§ Task instructions:
Among the entries below, retype exactly the lines starting with the one with "وغرّد، عبر حسابه" and going on through the one with "중식: 흰밥, 우욱탕면, 고구마치즈스틱, 꼬들꼬들단무지, 배추김치, 거봉포도", but not the pictures.

§ Available data:
╭──

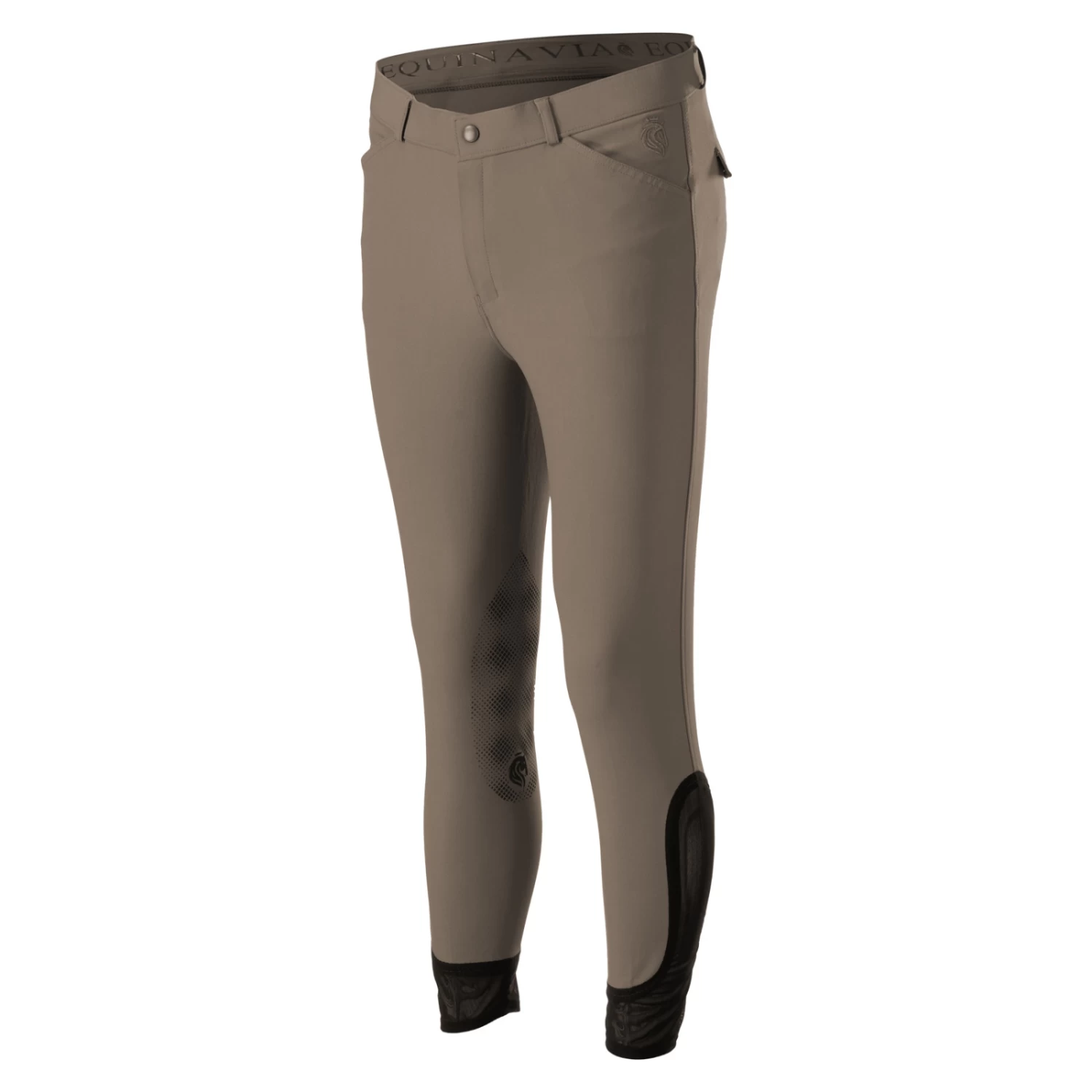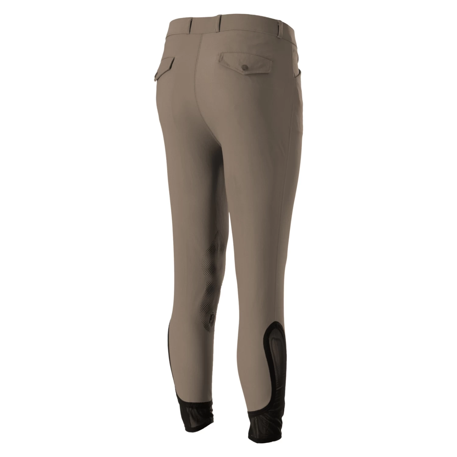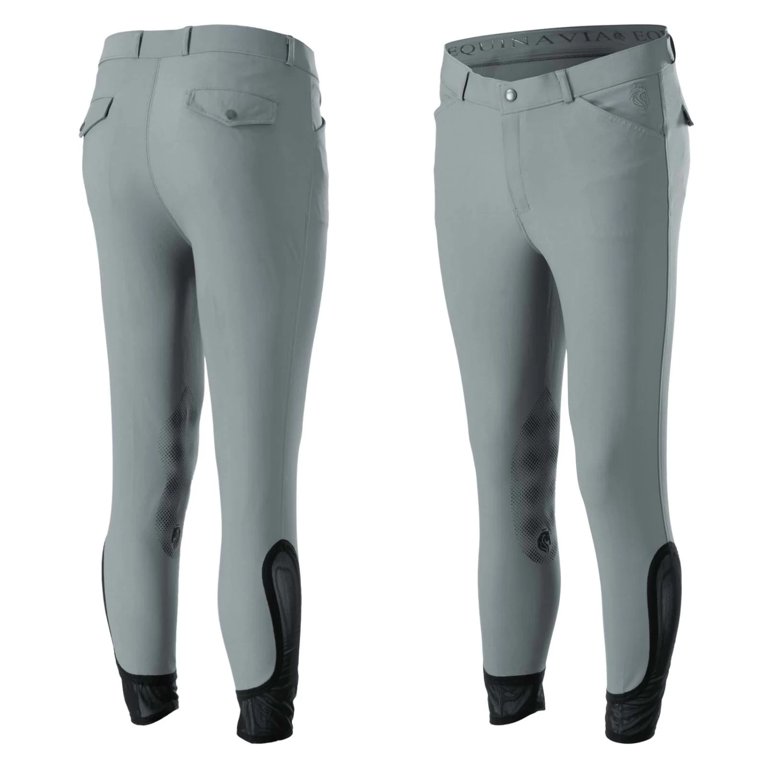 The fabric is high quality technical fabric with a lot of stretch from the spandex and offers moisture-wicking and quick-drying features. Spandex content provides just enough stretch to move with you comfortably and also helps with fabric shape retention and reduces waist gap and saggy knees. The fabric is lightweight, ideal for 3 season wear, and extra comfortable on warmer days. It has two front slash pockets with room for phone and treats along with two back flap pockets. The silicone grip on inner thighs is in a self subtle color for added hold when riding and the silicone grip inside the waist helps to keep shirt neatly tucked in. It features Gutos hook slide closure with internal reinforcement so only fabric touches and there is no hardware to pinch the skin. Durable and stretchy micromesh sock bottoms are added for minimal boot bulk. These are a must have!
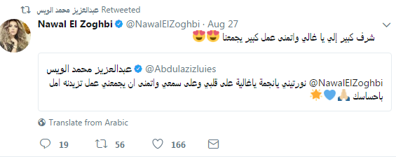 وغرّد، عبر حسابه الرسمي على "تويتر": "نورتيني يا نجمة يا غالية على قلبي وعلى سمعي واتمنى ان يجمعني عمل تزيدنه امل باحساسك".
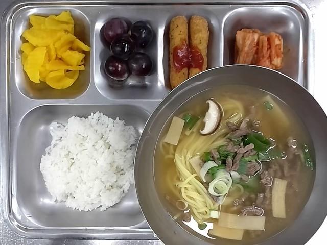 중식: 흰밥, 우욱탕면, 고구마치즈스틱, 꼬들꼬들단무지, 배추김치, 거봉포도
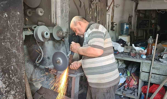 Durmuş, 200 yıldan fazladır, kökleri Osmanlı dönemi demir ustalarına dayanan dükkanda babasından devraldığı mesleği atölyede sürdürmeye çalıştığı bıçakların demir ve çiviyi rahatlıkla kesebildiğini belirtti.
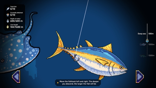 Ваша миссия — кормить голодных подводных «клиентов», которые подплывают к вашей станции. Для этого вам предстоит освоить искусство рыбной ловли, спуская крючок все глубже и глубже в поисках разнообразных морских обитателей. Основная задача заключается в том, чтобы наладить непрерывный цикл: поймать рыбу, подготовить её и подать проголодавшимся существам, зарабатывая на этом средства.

╰──
╭──

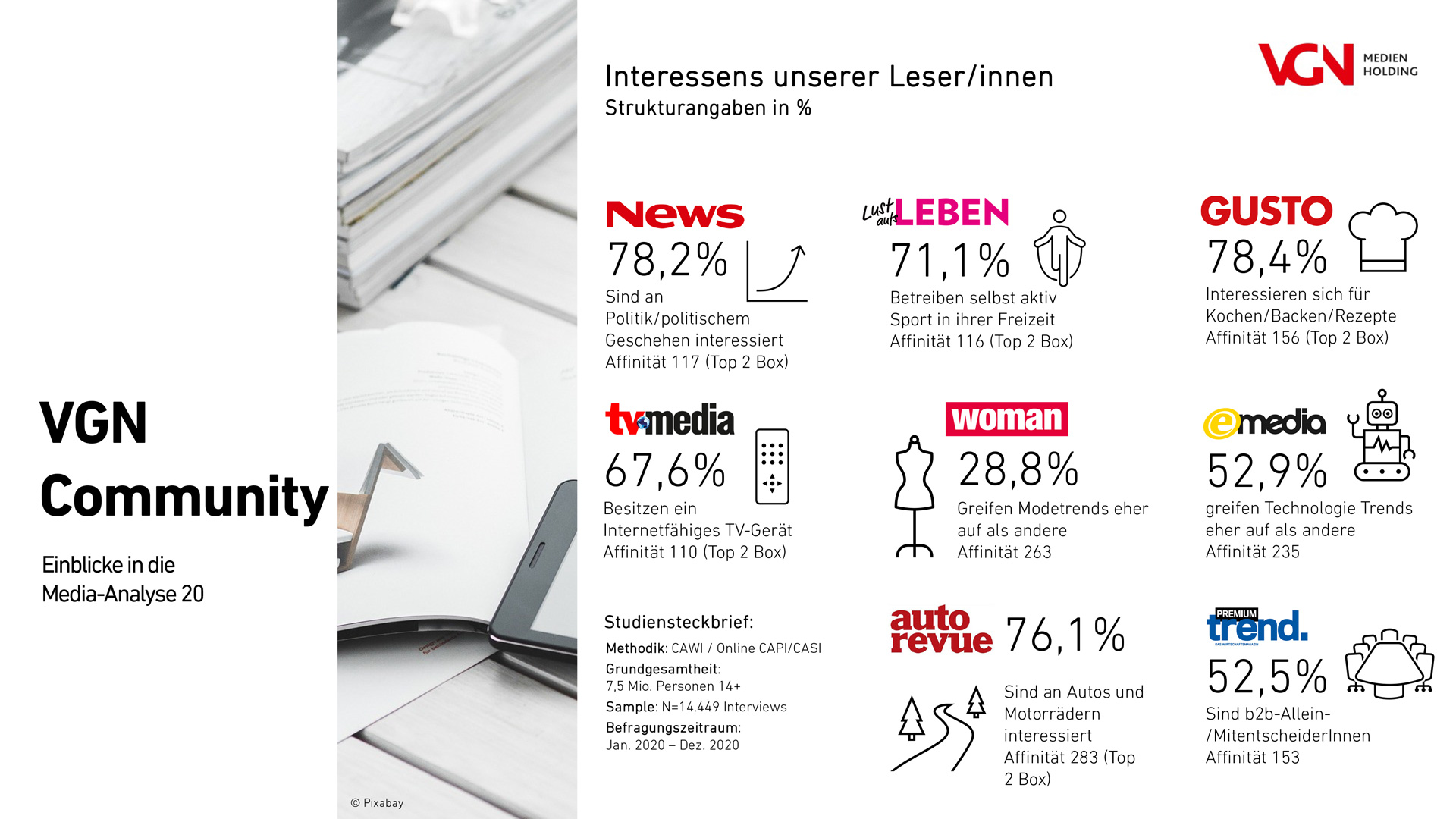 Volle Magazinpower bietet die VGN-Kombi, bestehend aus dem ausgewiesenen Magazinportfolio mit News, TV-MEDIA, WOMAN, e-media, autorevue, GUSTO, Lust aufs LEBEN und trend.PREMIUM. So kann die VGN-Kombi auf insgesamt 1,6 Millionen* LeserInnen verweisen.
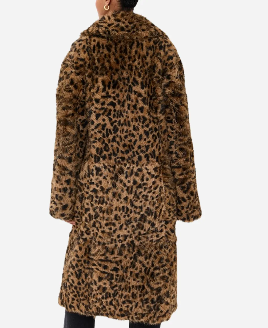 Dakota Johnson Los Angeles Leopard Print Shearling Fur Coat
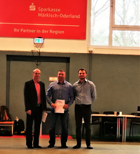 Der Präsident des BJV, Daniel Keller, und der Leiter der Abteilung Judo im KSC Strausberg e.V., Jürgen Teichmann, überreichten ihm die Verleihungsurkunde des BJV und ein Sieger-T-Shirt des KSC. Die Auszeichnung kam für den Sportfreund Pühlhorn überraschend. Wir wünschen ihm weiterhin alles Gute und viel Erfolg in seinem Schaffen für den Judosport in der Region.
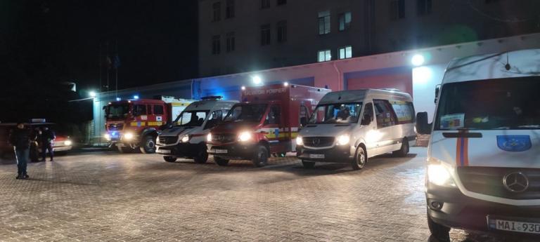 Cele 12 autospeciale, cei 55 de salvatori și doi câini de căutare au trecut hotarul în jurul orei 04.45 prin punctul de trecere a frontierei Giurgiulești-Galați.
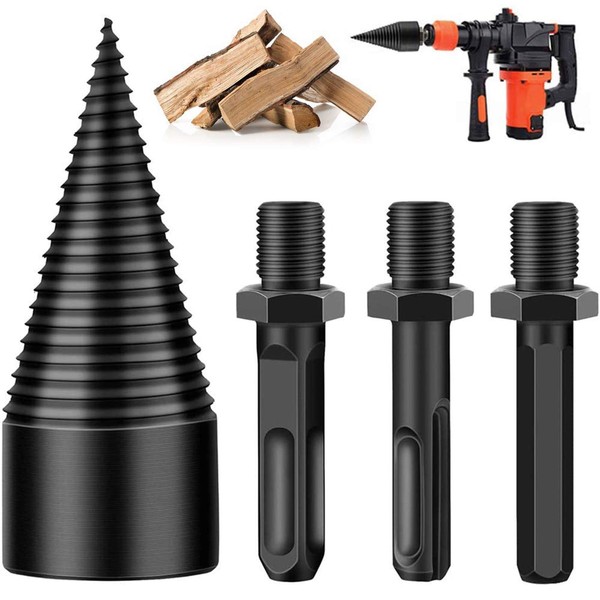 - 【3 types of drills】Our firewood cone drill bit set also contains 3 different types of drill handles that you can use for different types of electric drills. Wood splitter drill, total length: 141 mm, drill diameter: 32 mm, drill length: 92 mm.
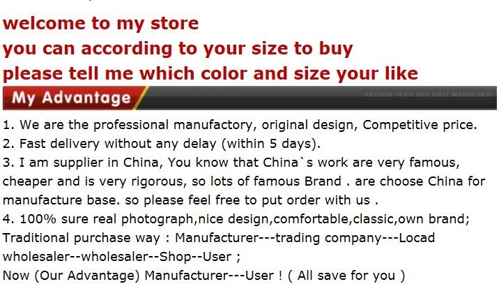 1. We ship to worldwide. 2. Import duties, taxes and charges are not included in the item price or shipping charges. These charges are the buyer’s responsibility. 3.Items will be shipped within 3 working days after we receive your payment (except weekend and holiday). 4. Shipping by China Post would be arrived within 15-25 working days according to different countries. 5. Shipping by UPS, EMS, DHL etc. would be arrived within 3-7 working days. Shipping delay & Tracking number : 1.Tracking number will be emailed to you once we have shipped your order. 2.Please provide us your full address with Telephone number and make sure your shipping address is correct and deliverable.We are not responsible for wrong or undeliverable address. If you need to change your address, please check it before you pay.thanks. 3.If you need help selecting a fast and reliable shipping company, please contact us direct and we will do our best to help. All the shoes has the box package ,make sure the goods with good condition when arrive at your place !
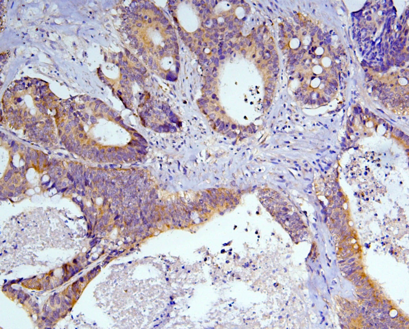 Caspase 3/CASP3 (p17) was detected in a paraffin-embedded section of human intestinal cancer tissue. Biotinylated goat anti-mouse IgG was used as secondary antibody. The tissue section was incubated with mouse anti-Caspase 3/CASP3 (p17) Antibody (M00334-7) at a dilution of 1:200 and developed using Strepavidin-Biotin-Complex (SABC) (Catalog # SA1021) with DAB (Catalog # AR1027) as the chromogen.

╰──
╭──

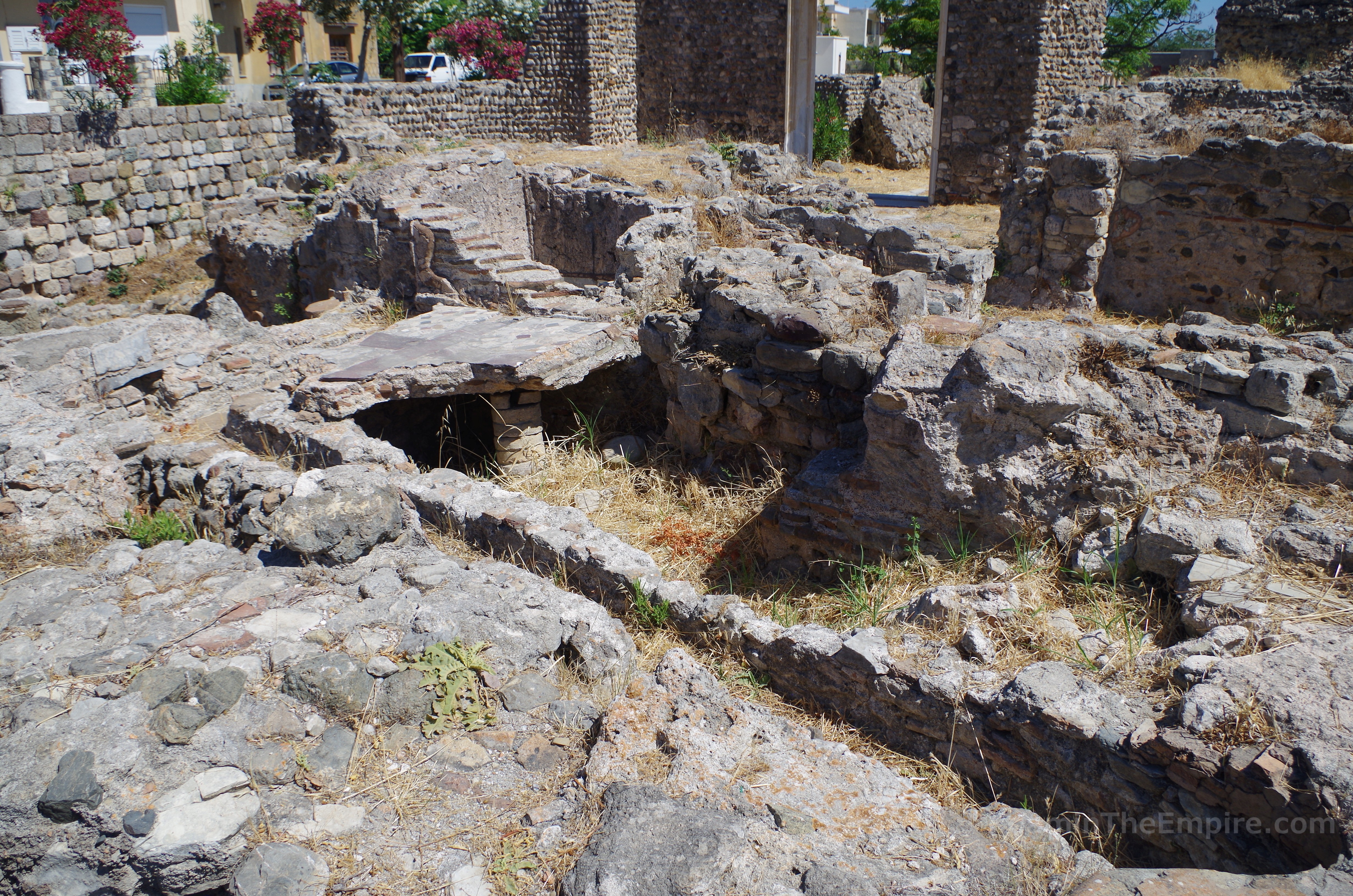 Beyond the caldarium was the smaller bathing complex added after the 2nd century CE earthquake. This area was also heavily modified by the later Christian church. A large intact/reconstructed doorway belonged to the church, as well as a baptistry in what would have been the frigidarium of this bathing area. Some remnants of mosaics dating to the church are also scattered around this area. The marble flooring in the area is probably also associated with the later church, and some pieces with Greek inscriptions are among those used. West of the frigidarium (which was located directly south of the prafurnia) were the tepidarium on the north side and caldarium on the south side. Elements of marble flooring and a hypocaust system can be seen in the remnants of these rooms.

╰──

§ Written answer:
 وغرّد، عبر حسابه الرسمي على "تويتر": "نورتيني يا نجمة يا غالية على قلبي وعلى سمعي واتمنى ان يجمعني عمل تزيدنه امل باحساسك".
 중식: 흰밥, 우욱탕면, 고구마치즈스틱, 꼬들꼬들단무지, 배추김치, 거봉포도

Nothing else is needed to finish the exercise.